Q: Did it escalate on a very physical level?

JAMIE: No, but what we did have on both sides - on the Kurdish side and the Syrian side - armed men toting their weapons. No one had tried to physically manhandle me except at the beginning when the Syrians tried to push me to get into their vehicle. The Kurds had tried to form a semicircle of their militiamen around me. I had my back to a shop window to try to make sure there wasn't an attempt immediately to nab me. And then there was just a negotiation, would be one way of putting it, between the Syrians and Kurds, which at the beginning was very angry and there was a lot of shouting. They then moved away from me, the main leaders who were negotiating what was going on. And as the negotiation went on, as the confrontation went on, I was getting less nervous. I could see in the faces of the Kurds that they were not going to hand me over to the Syrians. I suppose after a while my worry was that I had a lot of armed men around me in confrontation trying to decide my fate and that things could slip out of hand.

Q: At what point did you realize that it was turning around in your favor? What made you realize?

JAMIE: I think determination and the confidence in the faces of the Kurds made me feel a lot calmer because I could see that they weren’t going to surrender me. And then, at a certain point the Syrian soldiers started being much more friendly facially towards me. One or two of them I was talking to were Alawite - some from Homs, some from Damascus and some from Tartus - started to ask me questions - general questions about America - where I came from and at one point they were saying, “We love Americans, but we hate Obama.” And, I did not feel I was in a position facing armed men to disagree with that position.

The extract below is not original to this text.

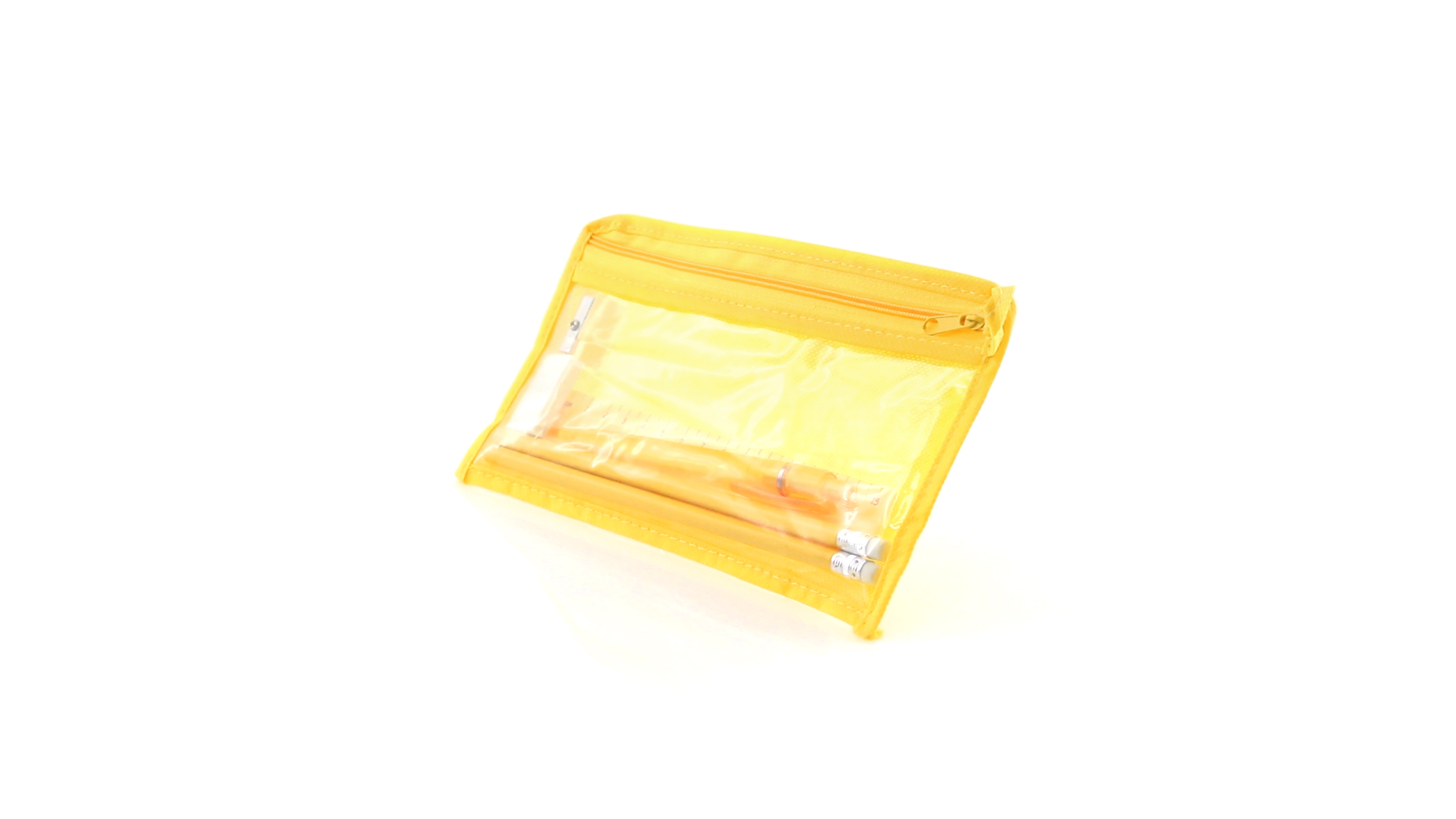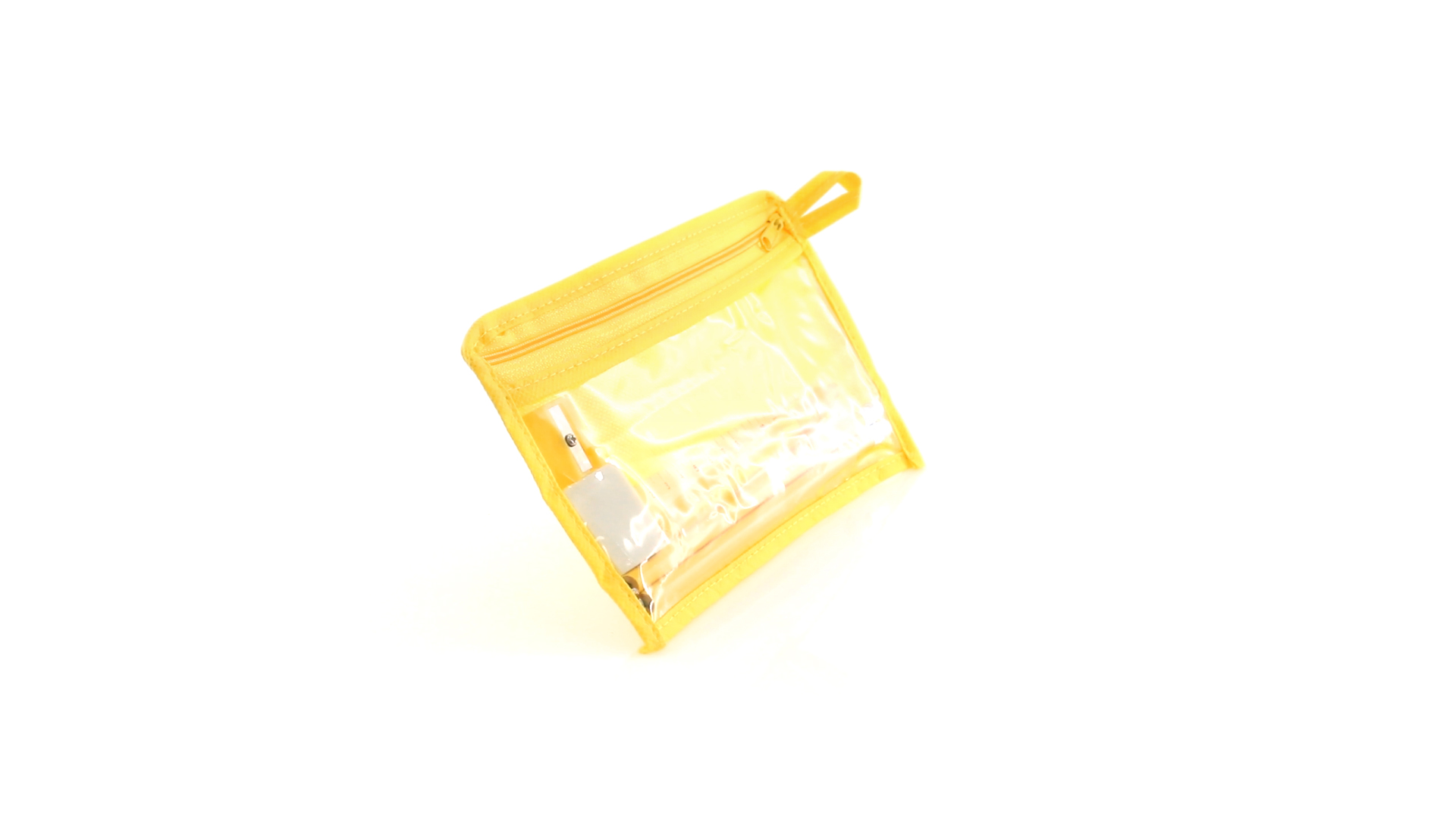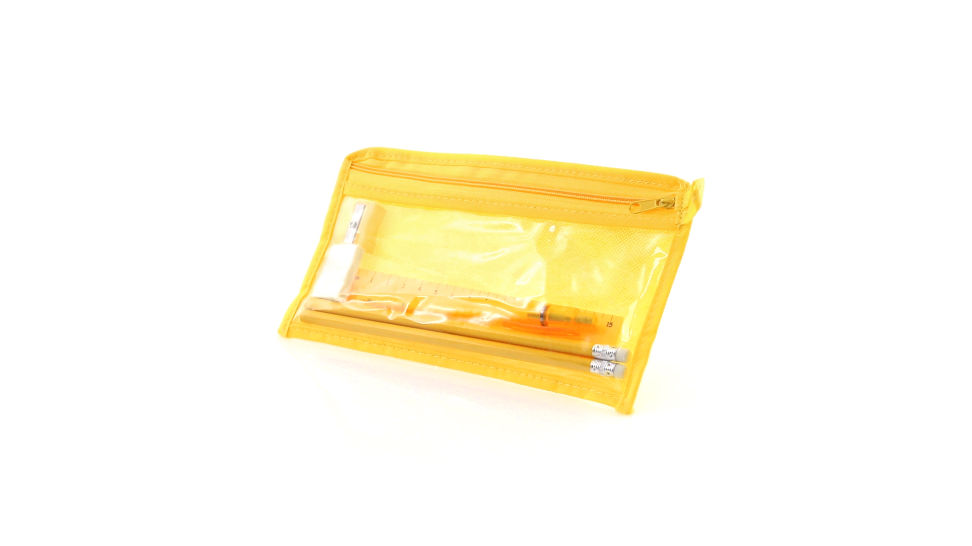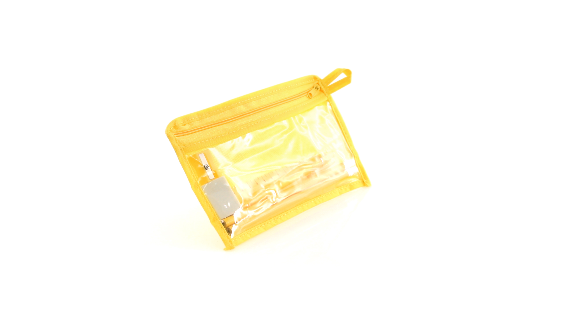 7-teiliges-Set in einem Non-Woven-Etui aus Faservlies in kräftigen Farben und mit einer transparenten PVC-Front. Enthält 2 Holz-Bleistifte mit zylindrischem Körper und integriertem Radiergummi sowie einen Kugelschreiber, Anspitzer, 15 cm langes Lineal und Radiergummi. Mit bequemem und farblich passendem Tragegriff.

Q: So right at the end, after the hour was over, what happened? Did you just follow the Kurds back?

JAMIE: The Syrian leaders came over, gave me back my passport, apologized for harassing me, saying they were great friends of the Kurds. There were lots of smiles and back-slapping at that point, although the Kurds remained tense. And then I went with the Kurds back to their military barracks where it was there that various military commanders told me they had heard Syrians were aware that there was at least one American journalist in Qamishli and they were intent on seizing him. One of the worries subsequently was that they wouldn’t try again to seize me in terms of men in uniform, but there might be an attempt to kidnap me by plainclothes people - shabiha and other organizations they use. So they remained the rest the day, while I was working interviewing people, I had an armed guard for the rest of the day while I was in Qamishli.

Q: So now that you are in southeastern Turkey, tell me your thoughts on what this says about the stronghold of Kurds in that part of Syria.

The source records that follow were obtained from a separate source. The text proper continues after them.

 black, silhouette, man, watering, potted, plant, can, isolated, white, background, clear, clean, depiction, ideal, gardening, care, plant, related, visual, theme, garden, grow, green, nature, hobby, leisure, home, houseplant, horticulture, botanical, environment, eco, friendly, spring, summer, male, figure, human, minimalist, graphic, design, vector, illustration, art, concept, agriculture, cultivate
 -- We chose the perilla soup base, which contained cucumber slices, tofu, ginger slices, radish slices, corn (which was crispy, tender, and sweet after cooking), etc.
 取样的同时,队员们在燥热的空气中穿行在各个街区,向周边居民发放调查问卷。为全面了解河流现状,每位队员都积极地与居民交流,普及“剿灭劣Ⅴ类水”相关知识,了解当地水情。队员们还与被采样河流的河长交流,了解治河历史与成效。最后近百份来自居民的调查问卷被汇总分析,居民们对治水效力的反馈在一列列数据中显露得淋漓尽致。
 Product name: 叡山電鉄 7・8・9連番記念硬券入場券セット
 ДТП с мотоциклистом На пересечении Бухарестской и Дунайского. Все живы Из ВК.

JAMIE: What is very interesting is that they are: one, wanting to avoid an armed confrontation with the Syrians because, for example, they don't want Qamishli, their capital, to end up looking like Aleppo, bombed, bombarded and wrecked. So what they're trying to do is to create their own government structures, their own police structures and just ignore the Syrians. They control - the Kurds - about 80 percent of Qamishli; the Syrians about 20 percent, the Syrians have the airport road and pockets of the center. Most of the rest of Syrian Kurdistan is very much under Kurdish control. They have a very strong sense of direction where they want to go. They want to be a semi-autonomous country within Syria after all of this. What I found fascinating was this determination to try to sidestep the Syrian regime, avoid confrontation if they can, but be prepared to defend their geography - their area - whether it be the Syrians or whether it be from al-Qaida. And they had a series in the last two weeks of victories over al-Qaida, pushing them out of their villages and their towns, although al-Qaida is maintaining pressure on them and is launching car bomb attacks on them. So, I found it very interesting that they were trying to balance this and have their own way. But, if they can avoid fighting people, but (at the same time) be prepared to if they have to.